Geçmişteki bayramların özlemini duyanlar böyle başlar söze; “Ahh o eski bayramlar nerede!” Arife günü, 1 Mayıs Işçi Bayramı’ydı. İki bayramı bir arada kutlamış olduk. Ülkemizde bayram, işçi ve emekli...
Geçmişteki bayramların özlemini duyanlar böyle başlar söze; “Ahh o eski bayramlar nerede!” Arife günü, 1 Mayıs Işçi Bayramı’ydı. İki bayramı bir arada kutlamış olduk. Ülkemizde bayram, işçi ve emekli ve alım güçleri olmayan kesimlerde buruk ve mutsuz bir hava da geçti. Alım gücü düştükçe halkın ekonomik alanlarda endişeleri artıyor. Asgari ücret açlık sınırının altında. Dar gelirliler, asgari ücretliler, işçi emeklileri zor durumda. Böylesi bir tabloda ülkede pahalılık çok artmış, zam yağmuru devam etmektedir. Fakirleşme her geçen gün büyüyor. Ülkemizin önemli bir bölümü, protein değil, karbonhidrat (ekmek, pilav, makarna, baklagil gibi) ağırlıklı beslenmektedir. Borçlular, borçlarını ödemekte zorlanıyor. Kredi kartı borçları temerrütte girdi. Akaryakıt ve tüp gaz zamları durmak bilmiyor. Mutfakta yangın var. 120 liraya alınan tüp gaz 335 lira oldu.

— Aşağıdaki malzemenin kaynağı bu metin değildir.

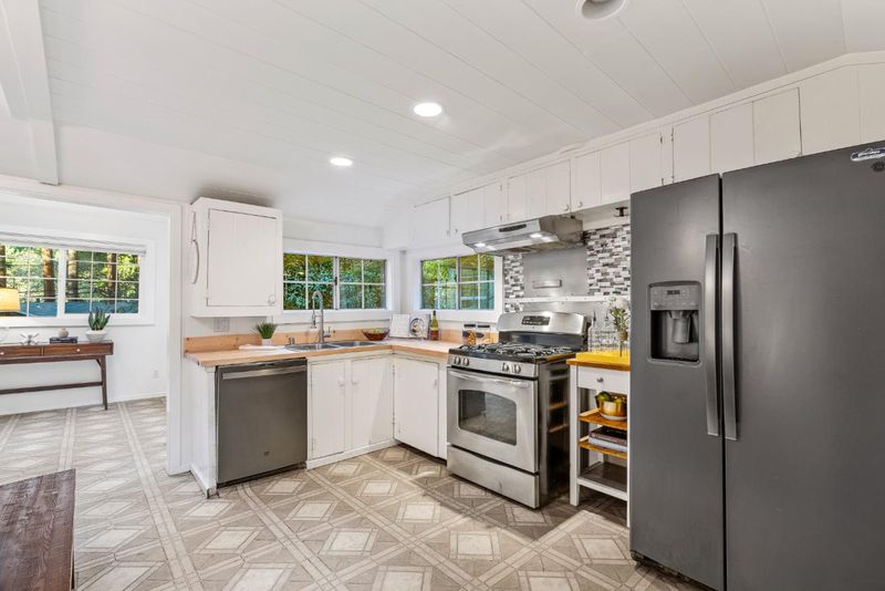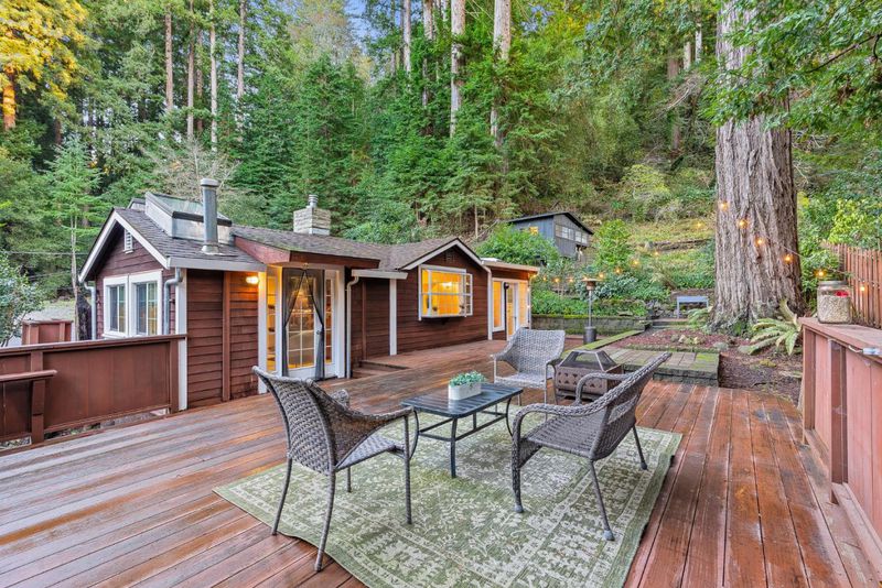 Arrive at your peaceful redwood retreat, a cozy cottage nestled among towering trees just minutes from Downtown Scotts Valley. Step onto the generous wraparound deck built from local redwood and feel life slow down as you sip morning coffee or unwind while the forest glows around you. The large driveway offers plenty of room for oversized vehicles, and the one car garage with workshop space gives you a place to tinker, create, or store gear. An attached studio adds an ideal spot for guests or a quiet workspace. Behind the home sits a charming garden cabin with a loft and electrical hookups, perfect for an artist studio or second workspace tucked away from the main cottage. The landscaping adds extra magic with mature maples, camellias, dogwood, and lush seasonal blooms that color the property year round. Inside, the home welcomes you with fresh paint, new counter tops, and thoughtful updates that keep its warm vintage charm. The spacious bedroom looks out onto a private patio surrounded by ferns and redwoods, creating a peaceful start or end to your day. With Highway 9 and 17 nearby, commuting is easy while the property still feels like a quiet forest escape. Only 15 minutes to Santa Cruz and 30 to Los Gatos. This is a place to slow down and feel at home.

Seçimler 2023 Haziran ayında olacağı söylenmesine rağmen, muhalefet partileri halkın dertleriyle uğraşacağına, altılı masa kurup seçim derdine düşmüş. Vatandaşların çoğu böylesine ekonomik ve siyasi kaos ortamında girilen bayramda, eski günlerini ve özellikle çocukluğundaki bayramları özlemektedir.
Ben de bugünkü yazımı, önceki bayram yazılarımdan yaptığım güzel hatıralara ayırmak istiyorum. Bayram denilince, insanın aklına ilk olarak çocukluğu gelmekte. O dönemin bayramlarına özlem duymaktadır. Eski bayramların tadının şu anda olmadığı söylenmektedir. Çocukluğumuzdaki bayramlar, güzel anılarla hatırlanmaktadır.
Eski bayramlarda, şimdiki kadar maddi imkân olmamasına rağmen, ailelerin çocuklarına yeni kıyafetler alması ve harçlık vermesi çok önemliydi. Anne ve babalar kendilerine almasa bile çocuklarına mutlaka yeni kıyafetler almaya çalışırdı. Zaten o dönem halkın çoğu kıyafetlerini genellikle bayramlarda alırdı. Çocuklar, bayramlık kıyafetlerini gece yataklarının yanına koyar, sabahın olmasını heyecanla beklerdi. Bayram sabahı itina ile giyinilir, önce anne ve babanın bayramı kutlanır, sonra komşuların ve daha sonra da yakın akrabaların, aile dostlarının evleri ziyaret edilirdi.
Öncelik yaşı büyük olanlar, yaşça küçük olanların kendilerini ziyaret etmesini beklerdi.
Burada şunu belirtmek istiyorum; Basmane Tarihi Hatuniye Derneği Başkanı Müjdat Çobanoğlu, yurt dışından yurt içinden tüm hayırseverlerin yardımlarıyla hazırlanan yemekler, Ramazan boyunca 800-900 kişiye her gün iftar yemeği dağıtıldı. Her gün 300 kişiye sahur yemeği dağıtıldı. Bütün bunların yanı sıra ihtiyaç sahibi ailelere içlerinde et de bulunan erzak yardımları yapıldı. Benim bile gözlerimi yaşartan, babaları olmayan ihtiyaç sahibi çocuklara tepeden tırnağa bayramlık elbiselerin alınıp o çocukların sevinçlerini görmek. Ve çocukların, “Bizim babamız yoktur. Biz hiç bayramlık elbise giymedik. Allah sizlerden razı olsun” demeleri gözlerimizi yaşarttı…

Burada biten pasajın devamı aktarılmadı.